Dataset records

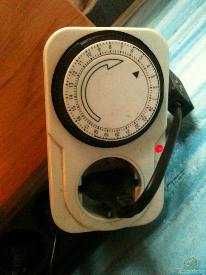 Heizstab von Eheim. Aquarientermometer. Das Licht wird über eine Zeitschaltuhr geregelt. Das Wasser wird mit Kati + Ani (Vollentsalzung) aufbereitet.
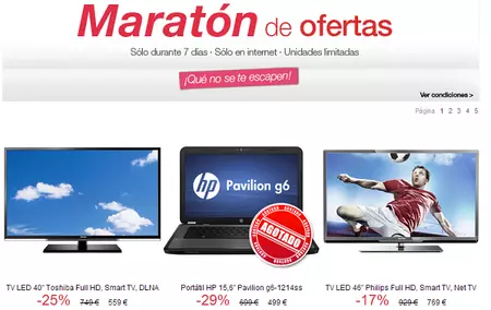 Quedan pocos días, hasta el 28 de este mes, y las unidades son limitadas como estarás imaginando. En el catálogo puedes ver las que ya están agotadas y las que todavía tienes disponibles a tu alcance. ¿Necesitas un portatil nuevo? ¿Una tele? ¿Una tablet? Pues echa un ojo porque puedes encontrarte con descuentos de hasta el 70% en todo tipo de productos y el precio se vuelve muy interesante.
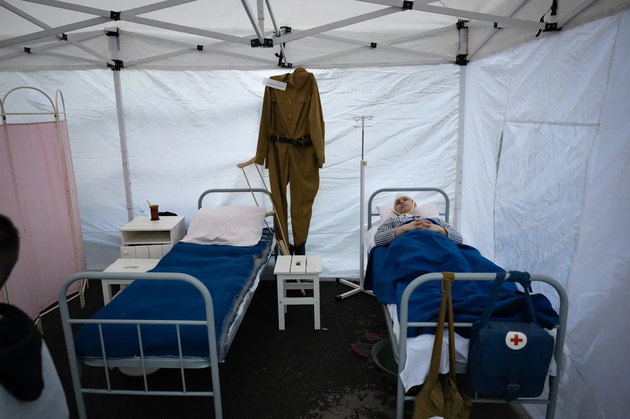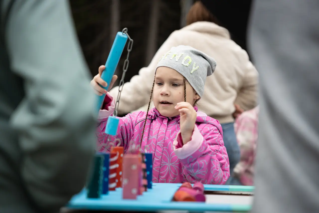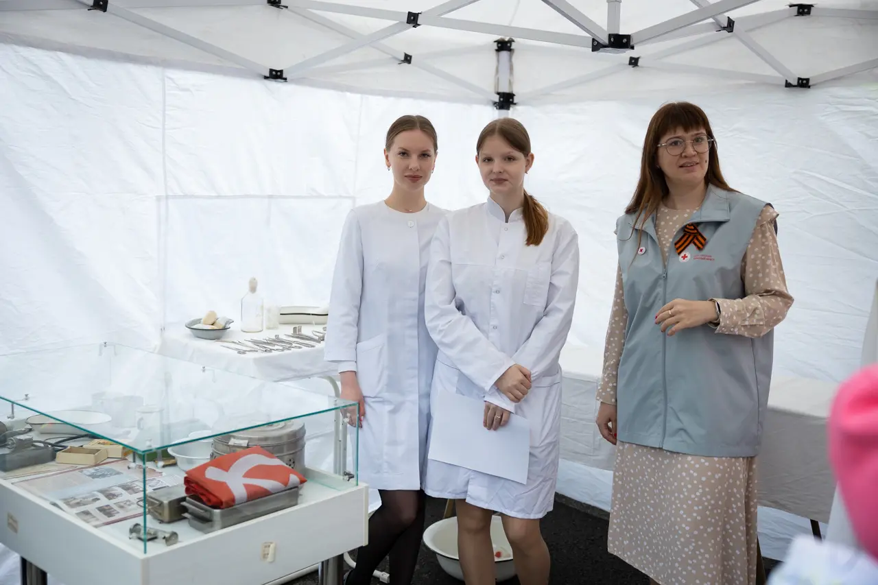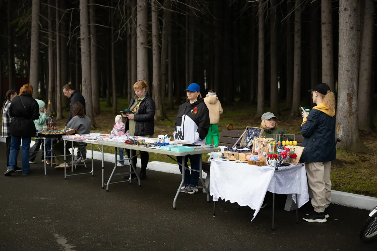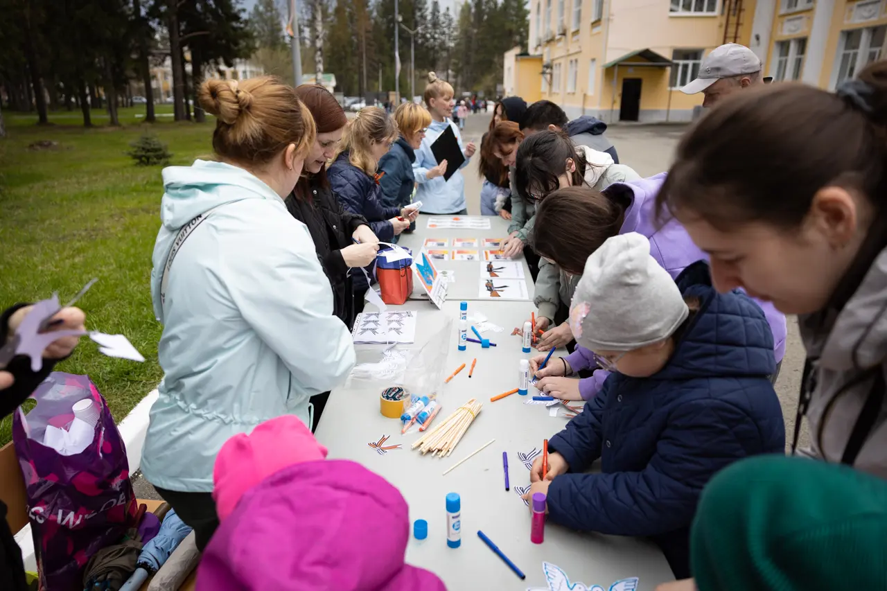 При входе в парк жителей города встречали сотрудницы библиотеки им. Гайдара. Они предлагали ответить на вопросы викторины о войне, собрать мозаику в виде автомата и смастерить бумажного голубя мира.
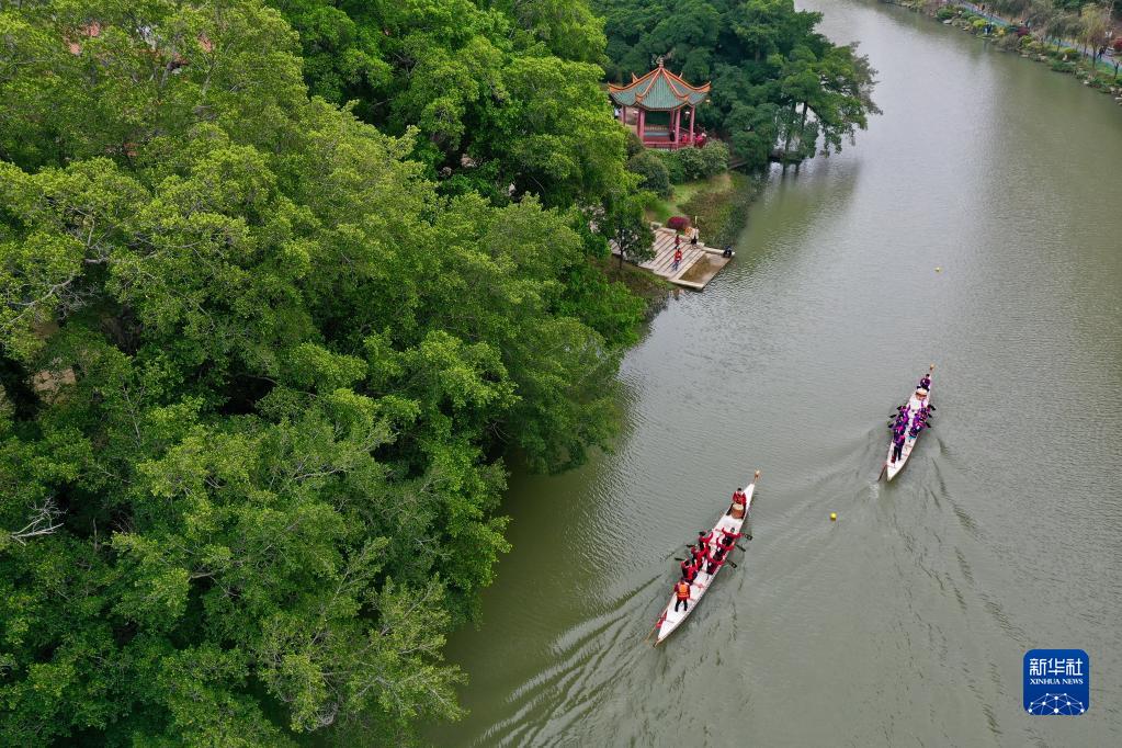 3月18日,福州流花溪上參賽龍舟隊在奮勇?tīng)幭龋o(wú)人機照片)。
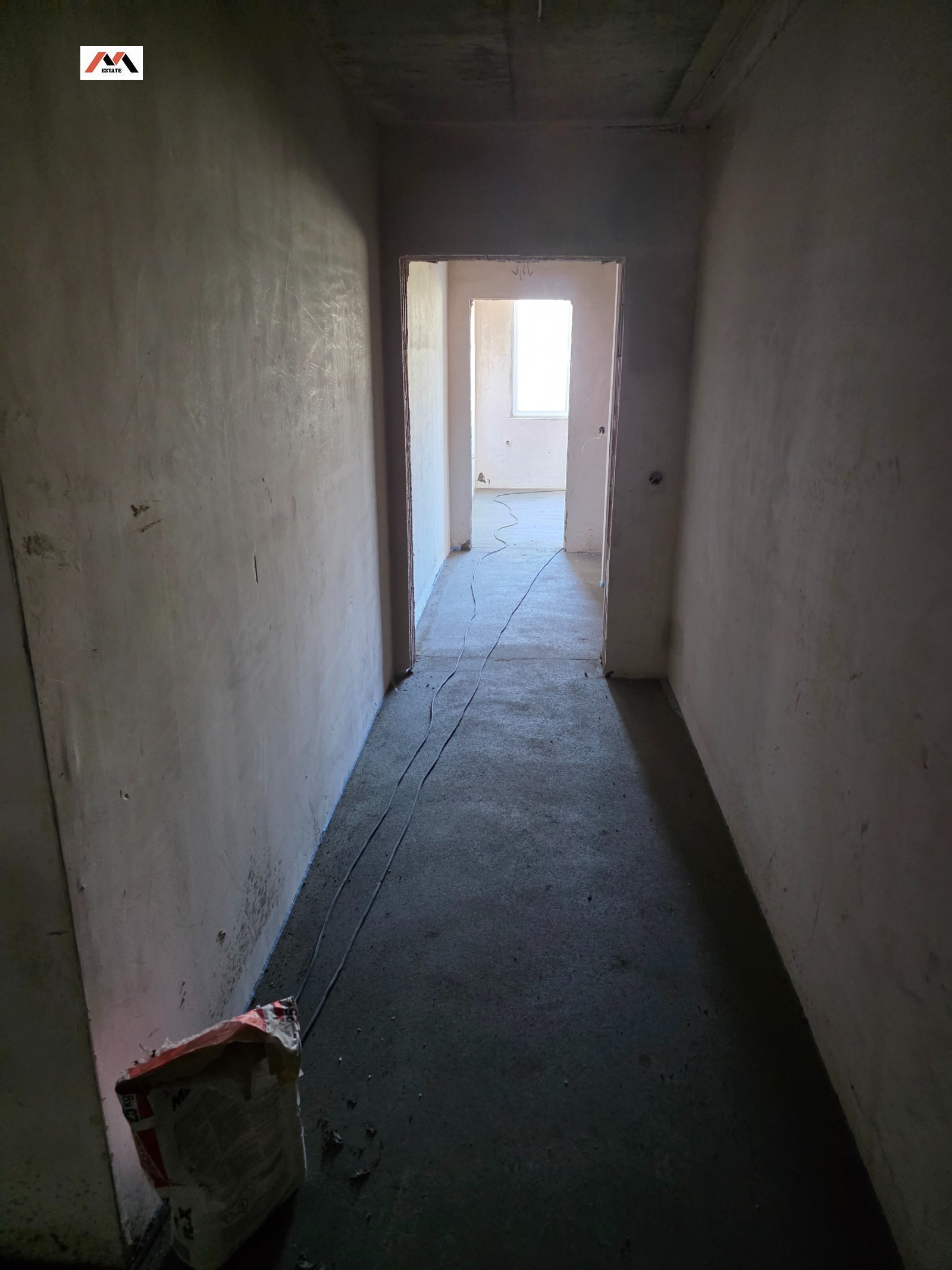 Изложение запад-север,обща тераса на дневна и спалня,баня с тоалетна и отделна тоалетна,две спални, Г-образен коридор с положени вик инсталация за пералня и сушилня!
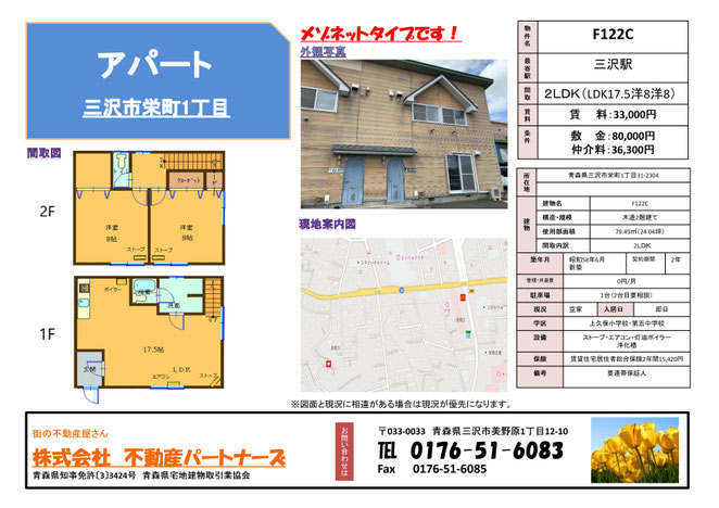 〒033-0033 青森県三沢市美野原1丁目12-10
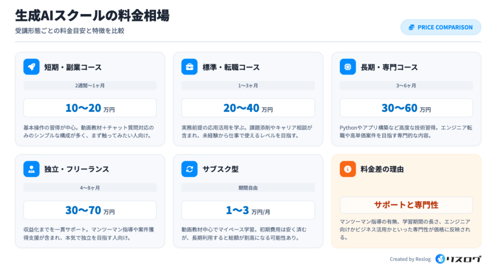 生成AIスクールを選ぶ際にまず確認したいのが、受講料金が相場から大きく外れていないかという点です。

* _Instructions for the task_:
Start at the first line and set down all of the data exactly, passing over the pictures.

* _Task result_:
 Heizstab von Eheim. Aquarientermometer. Das Licht wird über eine Zeitschaltuhr geregelt. Das Wasser wird mit Kati + Ani (Vollentsalzung) aufbereitet.
 Quedan pocos días, hasta el 28 de este mes, y las unidades son limitadas como estarás imaginando. En el catálogo puedes ver las que ya están agotadas y las que todavía tienes disponibles a tu alcance. ¿Necesitas un portatil nuevo? ¿Una tele? ¿Una tablet? Pues echa un ojo porque puedes encontrarte con descuentos de hasta el 70% en todo tipo de productos y el precio se vuelve muy interesante.
 При входе в парк жителей города встречали сотрудницы библиотеки им. Гайдара. Они предлагали ответить на вопросы викторины о войне, собрать мозаику в виде автомата и смастерить бумажного голубя мира.
 3月18日,福州流花溪上參賽龍舟隊在奮勇?tīng)幭龋o(wú)人機照片)。
 Изложение запад-север,обща тераса на дневна и спалня,баня с тоалетна и отделна тоалетна,две спални, Г-образен коридор с положени вик инсталация за пералня и сушилня!
 〒033-0033 青森県三沢市美野原1丁目12-10
 生成AIスクールを選ぶ際にまず確認したいのが、受講料金が相場から大きく外れていないかという点です。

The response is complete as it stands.